05 Experiments & Evolution

The current DDL-based pipeline is the result of several iterative experiments. Each attempt taught us something that shaped the final design. Below is the complete timeline of approaches tried, their results, and why we moved on.

Jan 2026
Experiment 1 — Semi-Supervised Pseudo-Labeling on BCCC Darknet

Approach: Ensemble of Isolation Forest + Autoencoder for unsupervised anomaly detection on the BCCC Darknet dataset. Pseudo-labels were generated via agreement voting — confidence = 1.0 when both models agreed a sample was anomalous. Top 50 features selected by variance from 467 numeric features.

Results — Pseudo-Labeling

MetricValue
Accuracy0.9949
Precision0.7451
Recall1.0000
F1-Score0.8539
ROC-AUC0.9996
5-Fold CV (ROC-AUC)0.9991 ± 0.0003

Confusion Matrix: TN=5,006   FP=26   FN=0   TP=76
Dataset: 25,588 samples — only 379 high-confidence anomalies (1.48%), class imbalance ratio 1:66.4

⛔ Why We Moved On
  • No ground truth: Pseudo-labels are unsupervised — there was no way to validate whether detected "anomalies" were real attacks
  • Anonymous features: The 50 variance-selected features were unnamed (Feature_123, Feature_045, etc.) — completely uninterpretable for security analysts
  • Extreme class imbalance: Only 1.48% anomalies (379 / 25,588) making evaluation unreliable
  • Precision ceiling: ~74.5% precision means ~1 in 4 alerts would be false positives — unacceptable for automated policy enforcement
  • Dataset mismatch: BCCC Darknet captures darknet traffic, which is less representative of enterprise encrypted traffic than CIC-IDS-2017
Feb 2026
Experiment 2 — Random Forest + SHAP Pipeline on BCCC Darknet

Approach: 3-stage notebook pipeline — (1) IF+AE pseudo-labeling, (2) Random Forest classifier (300 trees, max_depth=15, balanced class weights), (3) SHAP TreeExplainer for explainability. Same BCCC Darknet dataset and 50 anonymous features.
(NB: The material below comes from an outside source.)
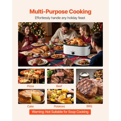 Large 26QT Capacity: VEVOR electric roaster oven easily accommodates an entire turkey in its generous 26QT size. Ideal for Thanksgiving, Christmas parties, or weekend dinners, it makes family meals and festive gatherings simple and impressive.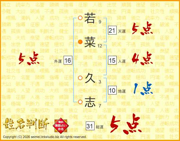 若菜久志さんの総運は31画の5点!

Results — Random Forest + SHAP

MetricValue
Accuracy0.9945
Precision0.7300
Recall0.9865
F1-Score0.8391
ROC-AUC0.9994
5-Fold CV (ROC-AUC)0.9991 ± 0.0003

Confusion Matrix: TN=5,007   FP=27   FN=1   TP=73
SHAP outputs: bar, beeswarm, waterfall, and dependence plots on anonymous features

⛔ Why We Moved On
  • Same fundamental issues as Experiment 1 — pseudo-labels, anonymous features, BCCC Darknet
  • SHAP on anonymous features is meaningless: Explaining that "Feature_045 contributes most to anomaly" tells a SOC analyst nothing actionable
  • Slightly worse performance: Precision dropped to 73.0%, recall to 98.65% — RF added complexity without improving quality
  • No integration path: This standalone pipeline had no connection to the zero-trust simulation or SDN policy enforcement
  • TreeExplainer limitations: Only works with tree-based models — we needed a model-agnostic approach for DDL
Feb 2026
Experiment 3 — Decision Tree on CIC-IDS-2017 (BaseCheckClassifier)
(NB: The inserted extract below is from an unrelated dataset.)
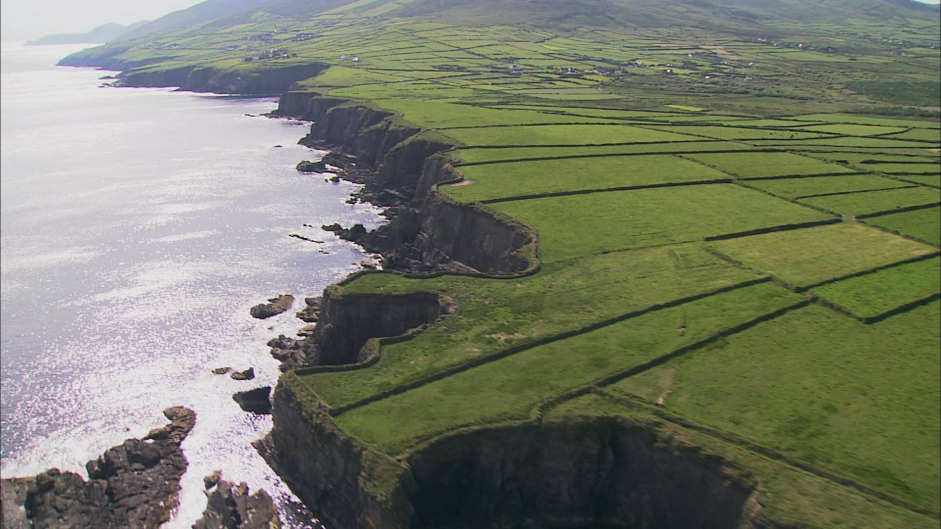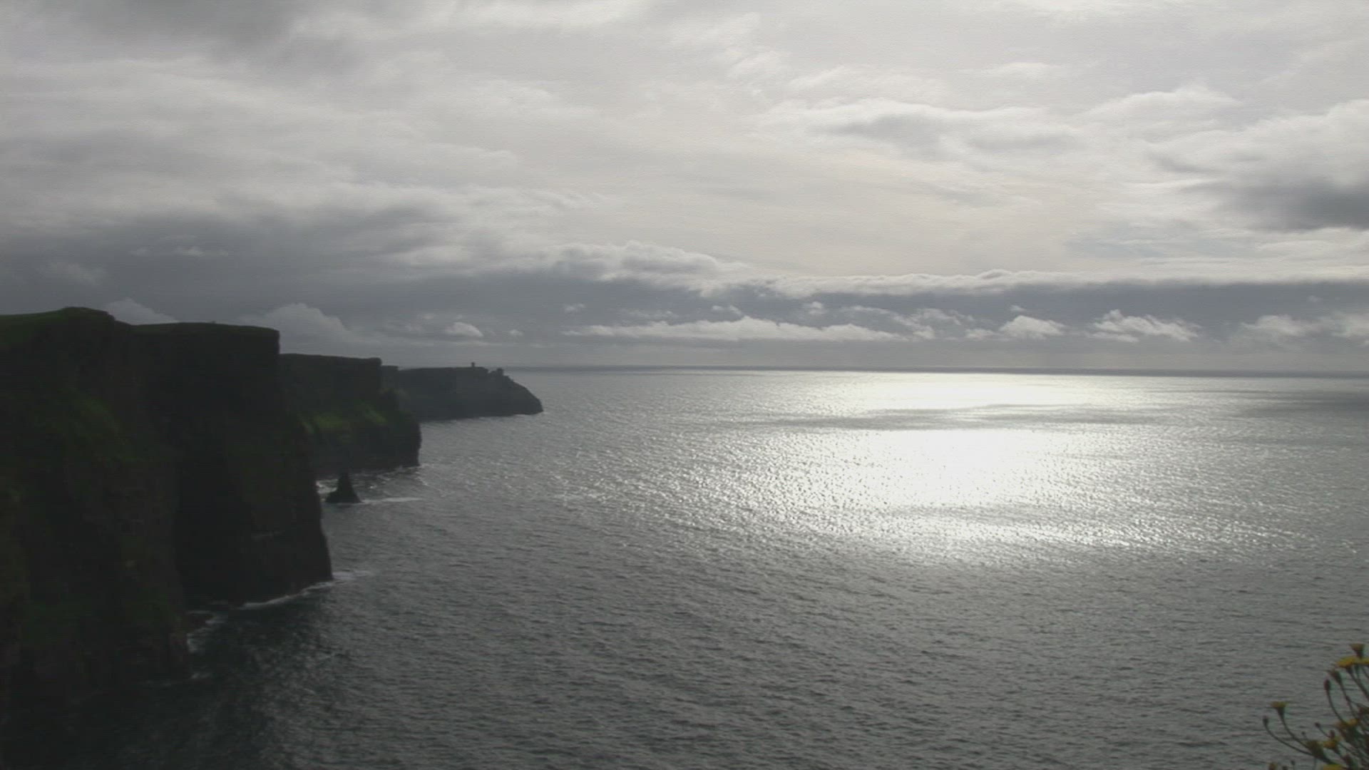 Calm waves break on the Cliffs of Moher in Ireland on a beautiful sunny day.

Approach: Switched datasets to CIC-IDS-2017 with 15 hand-selected behavioral features. Trained a Decision Tree (entropy criterion, max_depth=15, 50:1 attack class weight) as a "zero-leak" classifier. Integrated into a full simulation pipeline with encryption, topology simulation, and a Streamlit dashboard.
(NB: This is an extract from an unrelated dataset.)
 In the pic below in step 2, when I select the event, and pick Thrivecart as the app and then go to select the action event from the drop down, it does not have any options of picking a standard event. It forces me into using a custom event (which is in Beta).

✅ Key Improvements Over Previous Experiments
  • Real labeled dataset: CIC-IDS-2017 has proper ground truth labels (Normal / Attack categories)
  • Interpretable features: All 15 features have meaningful names (Packet Length Variance, Flow Duration, etc.)
  • Zero-trust simulation: Full integration with encryption, topology, and SDN policy enforcement
⛔ Why It's Not Sufficient Alone
  • Single-model limitation: A Decision Tree alone cannot capture complex nonlinear attack patterns in encrypted traffic
  • No deep anomaly detection: DTs rely on axis-aligned splits — they miss subtle distributional shifts that dictionary learning can catch
  • No built-in explainability: While DTs are inherently interpretable, they don't provide the rich, quantitative explanations needed for automated policy creation
  • Feature distribution mismatch: When tested on synthetic pcap data, the DT classified everything as Normal due to distribution differences between training and real network data
Feb–Mar 2026
Current — Deep Dictionary Learning + SHAP XAI + SDN Buffer

Approach: Two-layer Deep Dictionary Learning with ISTA sparse coding as the anomaly detection backbone, combined with DDL-native reconstruction decomposition + SHAP KernelExplainer for dual-mode explainability. The Decision Tree serves as a lightweight pre-filter, and an SDN buffer holds suspicious flows during analysis.

✅ Why This Approach Works
  • Unsupervised + supervised hybrid: DDL trains on normal traffic only (no labeled attacks needed) but uses CIC-IDS-2017's labeled data for evaluation
  • Named, interpretable features: Explanations reference real network characteristics ("Packet Length Variance is 250x above normal")
  • Dual explainability: DDL-native provides per-feature reconstruction error; SHAP provides model-agnostic attributions — both give actionable insights
  • Full zero-trust integration: DT pre-check → SDN buffer → DDL analysis → XAI report → automated policy enforcement
  • Modular design: Each component (DDLModel, XAIExplainer, SDNBuffer, Pipeline) is independently testable — 27/27 integration tests pass

Side-by-Side Comparison

Aspect Exp 1: IF+AE Exp 2: RF+SHAP Exp 3: DT (CIC) Current: DDL+XAI
Dataset BCCC Darknet BCCC Darknet CIC-IDS-2017 CIC-IDS-2017
Features 50 anonymous 50 anonymous 15 named 15 named
Labels Pseudo (unsupervised) Pseudo (unsupervised) Ground truth Ground truth
Core Model Isolation Forest + AE Random Forest Decision Tree DDL (ISTA)
Explainability None SHAP (anonymous) Inherent (DT rules) DDL-native + SHAP
Zero-Trust Integration No No Yes (DT only) Yes (full pipeline)
SDN Buffer No No No Yes
Precision 0.7451 0.7300 0.875 (BCC) / 0.699 (DDL) 0.9363 (full pipeline)
Recall 1.0000 0.9865 0.999 (BCC / Sandaru data) 0.4537 (DDL standalone)
FPR 0.78% 0.25% (full pipeline)
Status Archived Archived Pre-filter (Stage 1) Active ✓ Tested

06 Implementation Details

The current zero-trust pipeline is fully implemented as modular Python packages, with 27/27 integration tests passing. Below are the technical specifics of each component.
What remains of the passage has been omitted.